Jika kita melewatkan masa yang anugerah ini tanpa rasa syukur dan kemajuan, hal itu ditakutkan bahwa kita masih akan mengalami kerugian yang lebih buruk dalam kegelapan dan tekanan. Saudara-saudariku yang terkasih, belilah selama pasar itu ada di depan pintu; kumpulkanlah hasil panen selama matahari bersinar dan cuaca normal: gunakanlah anugerah dan Firman Allah ketika kesempatan itu dekat. Ketahuilah, bahwa Firman dan anugerah Allah seperti hujan yang berlalu, di mana hal itu tidak akan kembali seperti sedia kala. Pernah perkenanan Ilahi ada pada kaum Yahudi, namun kini hal itu telah pergi.

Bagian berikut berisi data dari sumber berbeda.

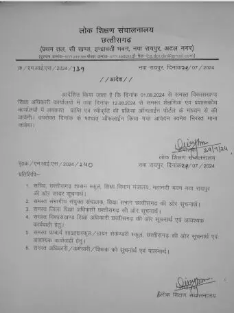 डीपीआई दिव्या मिश्रा द्वारा जारी आदेश के अनुसार 1 अगस्त 2024 से सभी खंड शिक्षा अधिकारी कार्यालयों में तथा 12 अगस्त 2024 से समस्त शैक्षणिक एवं प्रशासकीय कार्यालयों में अवकाश प्राप्ति एवं स्वीकृत की प्रक्रिया ऑनलाइन पोर्टल के माध्यम से की जावेगी उपरोक्त दिनांक के पश्चात ऑफलाइन किया गया आवेदन स्वमेव निरस्त माना जाएगा।

Paulus membawa Injil ke Yunani; tetapi kini mereka telah dikuasai oleh orang Turki (negara beragama Islam). Roma dan Itali pernah menikmati berkatnya; namun kini mereka memiliki Paus. Dan rakyat Jerman tidak seharusnya berpikir bahwa mereka akan selalu memiliki berkat itu; sebab tidak bersyukur dan pengabaian akan menghabisi berkat itu. Karena itu rebutlah itu dan cepat tahanlah, siapa pun dapat; tangan yang malas hanya akan memiliki tahun-tahun yang buruk.

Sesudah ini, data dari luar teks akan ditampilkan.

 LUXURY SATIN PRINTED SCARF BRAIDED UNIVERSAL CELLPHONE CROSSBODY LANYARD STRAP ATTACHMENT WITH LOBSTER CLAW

Akhirnya, Luther menegaskan alasan tertinggi dari semuanya adalah untuk mendirikan sekolah-sekolah Kristen, “yakni, perintah Allah, di mana melalui Musa yang sering didesak dan diperintahkan pada para orangtua yang mengajar anak-anak mereka ...” Dia menyimpulkan bagian ini:

Pastilah dosa dan rasa malu yang kita harus tumbuhkan dan munculkan pada tugas pendidikan anak-anak kita dan memikirkan daya tarik yang tertinggi, di mana sifat inti akan hal itu sendiri seharusnya menggerakkan kita demikian, dan contoh dari orang kafir tersebut membuat kita mengubah instruksi tersebut... dalam penilaian saya, tidak ada perlawanan dari pihak luar di mana pada pandangan Allah itu menjadi membebani dunia, dan memperlakukan siksaan yang berat semacam itu, ketimbang mengabaikan untuk mendidik anak-anak.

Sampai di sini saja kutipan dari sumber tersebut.